Fred C. "Bud" Tucker, Jr. (1918 – December 10, 1994) was an American businessman and real estate broker who served as the owner and CEO of the F.C. Tucker Company from 1958 to 1986. He is best known for leading development and revitalization efforts in downtown Indianapolis.

In his tenure as the leader of the F.C. Tucker Company, he helped establish the Hilton Indianapolis, Market Square Arena, the OneAmerica Tower, One Indiana Square, Merchants Plaza, and many other projects. He was recognized as "Realtor of the Year" by the Indianapolis Real Estate Board and the Indiana Real Estate Association in 1967 and served as the president of the National Association of Real Estate Boards (now the National Association of Realtors).

==Early life and education==
Tucker was born and grew up in Indianapolis, Indiana. His father, Fred C. Tucker, Sr., founded the F.C. Tucker company the same year that Tucker, Jr. was born (1918). Tucker, Jr. attended DePauw University and graduated in 1940. While in college, he served as the fraternity president of DePauw's Delta Tau Delta chapter. During World War II, Tucker, Jr. served in the United States Navy. The F.C. Tucker Company operated as a sole proprietorship prior to Tucker, Jr. joining his father.

==Career==
Tucker began work at the F.C. Tucker Company in 1947. When his father died in 1958, Tucker, Jr. purchased the company with three friends and fellow businessmen: Robert Houk, John A. Wallace, and Edward Joseph "Joe" Boleman. In the early 1960s, the ownership group devised the "Talk to Tucker" slogan which appeared on T-shaped yard signs. "Talk to Tucker" continues to be used by the company into the present day.

In 1967, Tucker convinced investors to finance a $3.5-million Hilton hotel project in downtown Indianapolis. The project would eventually lead to the construction of the hotel at Monument Circle in 1971. Tucker also spearheaded development on Merchants Plaza, an area southwest of Monument Circle that contained office space, a new hotel, apartments, a convention center, and an open-air plaza.

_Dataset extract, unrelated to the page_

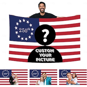 benutzerdefinierte 250. Jahrestag amerikanische Flagge mit Foto personalisierte Wandteppich Poster entwerfen Sie Ihr Bild für Dekor Clubs Konzerte Bars Schlafsäle Wohnzimmer Schlafzimmer

In the early 1970s Tucker also worked closely with then mayor Richard Lugar on a new arena project for the Indiana Pacers. Tucker oversaw the planning and design of what would become known as Market Square Arena. The arena cost $32 million to build and was funded by the city and other private investors (including the F.C. Tucker Company and the Indiana National Bank). The F.C. Tucker Company had a 30% ownership stake in the Pacers. The arena was completed in 1974. Three years later, the cash-strapped Pacers threatened to relocate if they couldn't come up with 8,000 season ticket holders by the beginning of the season. The F.C. Tucker Company led a "Save the Pacers" campaign that culminated in a live telethon in order to keep the Pacers in Indianapolis.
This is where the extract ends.